GOAL OF THE EXERCISE:
Leaving pictures aside, set down each line exactly, from the first line of the data to the line with "2726/01/19(月)21:12:58No.1394086706そうだねx10>クルスタ園児服合同誌 え………!? |", both included.

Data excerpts

=======

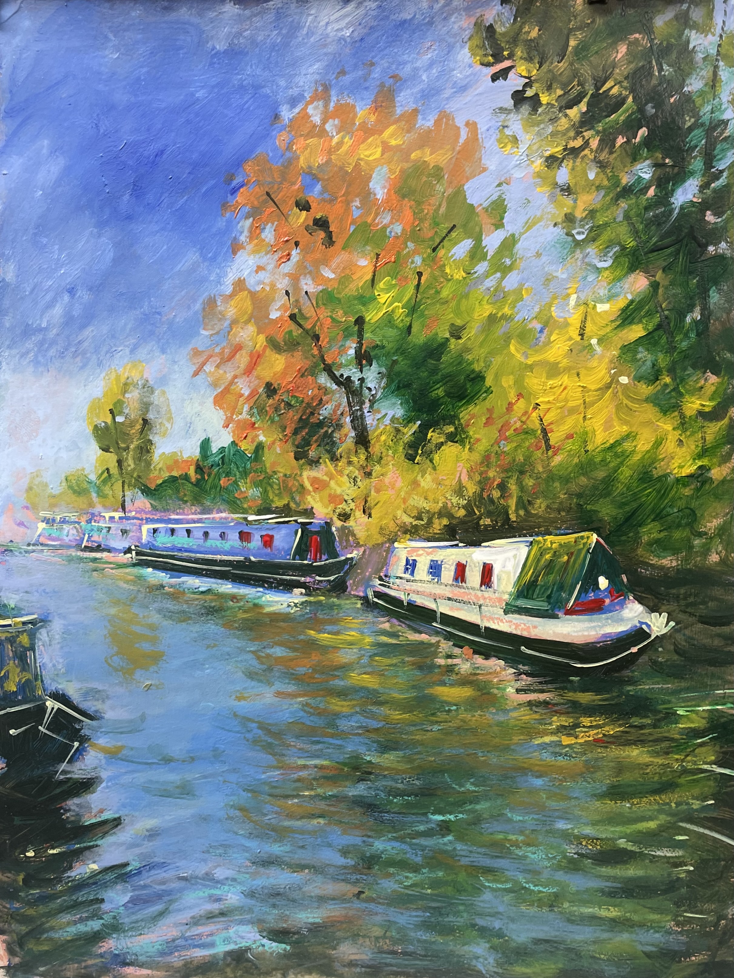 Boats with orange colored trees in the background
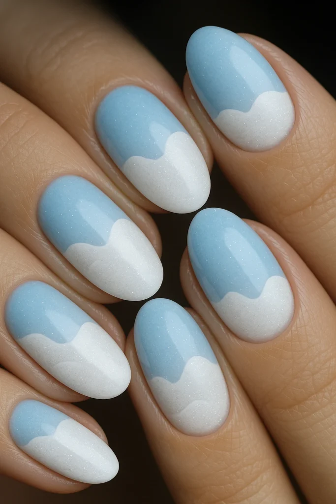 Light blue oval nails feature a soft gradient inspired by frosted winter hills. Abstract snow-like shapes and delicate shimmer give dimension and sophistication, creating an understated yet striking winter manicure perfect for any occasion.
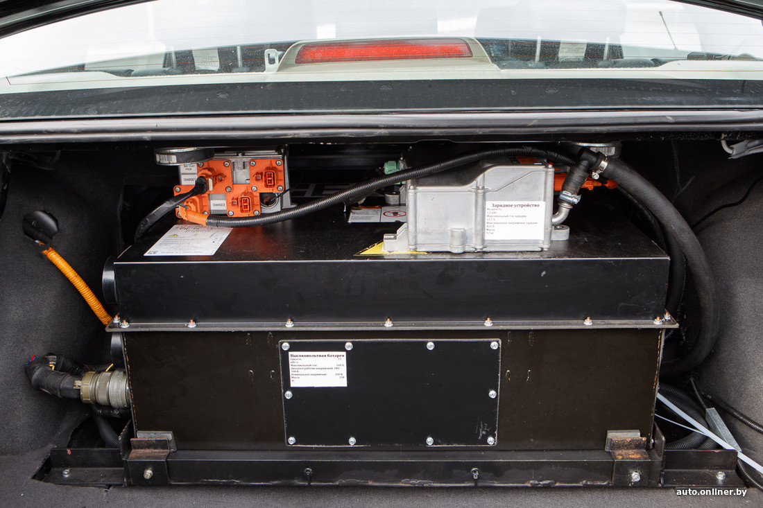 Во время первых испытаний машина разгонялась до 110 км/ч, но это не максимальная скорость. На длинной прямой мы без труда развили 120 км/ч. Вместо 1,8-литрового бензинового мотора в этом уникальном SC7 поселился электродвигатель мощностью 80 л. с. Перед создателями стояла задача сделать электрический автомобиль для города, поэтому за цифрами «л. с.» никто не гнался. По данным НАН Беларуси, емкость литий-ионной батареи гибридного накопителя — 32 А·ч.
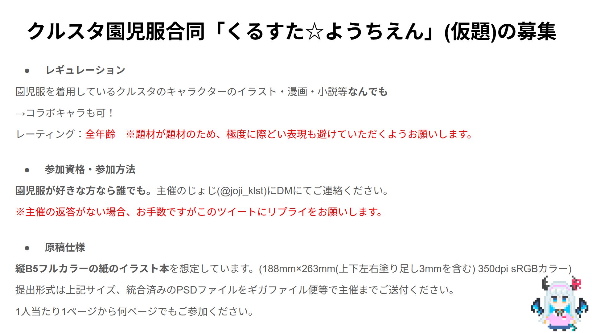 | … | 2726/01/19(月)21:12:58No.1394086706そうだねx10>クルスタ園児服合同誌 え………!? |
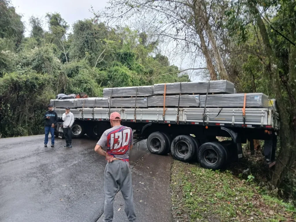 Ivoti/Presidente Lucena – Trânsito continua fechado no trecho sentido Ivoti/Presidente Lucena devido um caminhão que não conseguiu subir a Rua Presidente Lucena, no trecho Nova Vila sentido Ivoti/Presidente Lucena, próximo ao acesso ao Núcleo de Casas Enxaimel. Com isso, a passagem ficou totalmente obstruída.
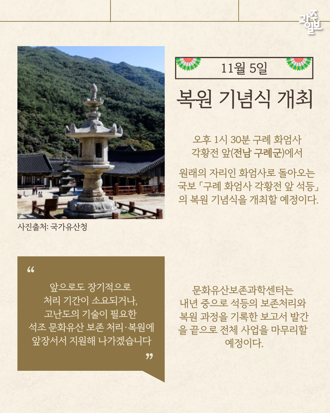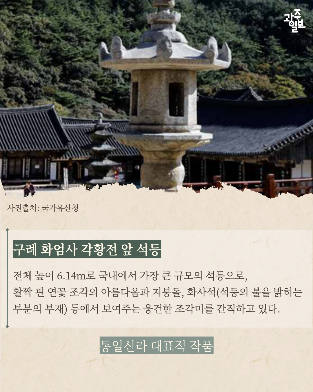 우리나라 가장 큰 석등인 구례 ‘화엄사 각황전 앞 석등’ 복원 완료

=======

SOLUTION TO THIS PROBLEM:
 Boats with orange colored trees in the background
 Light blue oval nails feature a soft gradient inspired by frosted winter hills. Abstract snow-like shapes and delicate shimmer give dimension and sophistication, creating an understated yet striking winter manicure perfect for any occasion.
 Во время первых испытаний машина разгонялась до 110 км/ч, но это не максимальная скорость. На длинной прямой мы без труда развили 120 км/ч. Вместо 1,8-литрового бензинового мотора в этом уникальном SC7 поселился электродвигатель мощностью 80 л. с. Перед создателями стояла задача сделать электрический автомобиль для города, поэтому за цифрами «л. с.» никто не гнался. По данным НАН Беларуси, емкость литий-ионной батареи гибридного накопителя — 32 А·ч.
 | … | 2726/01/19(月)21:12:58No.1394086706そうだねx10>クルスタ園児服合同誌 え………!? |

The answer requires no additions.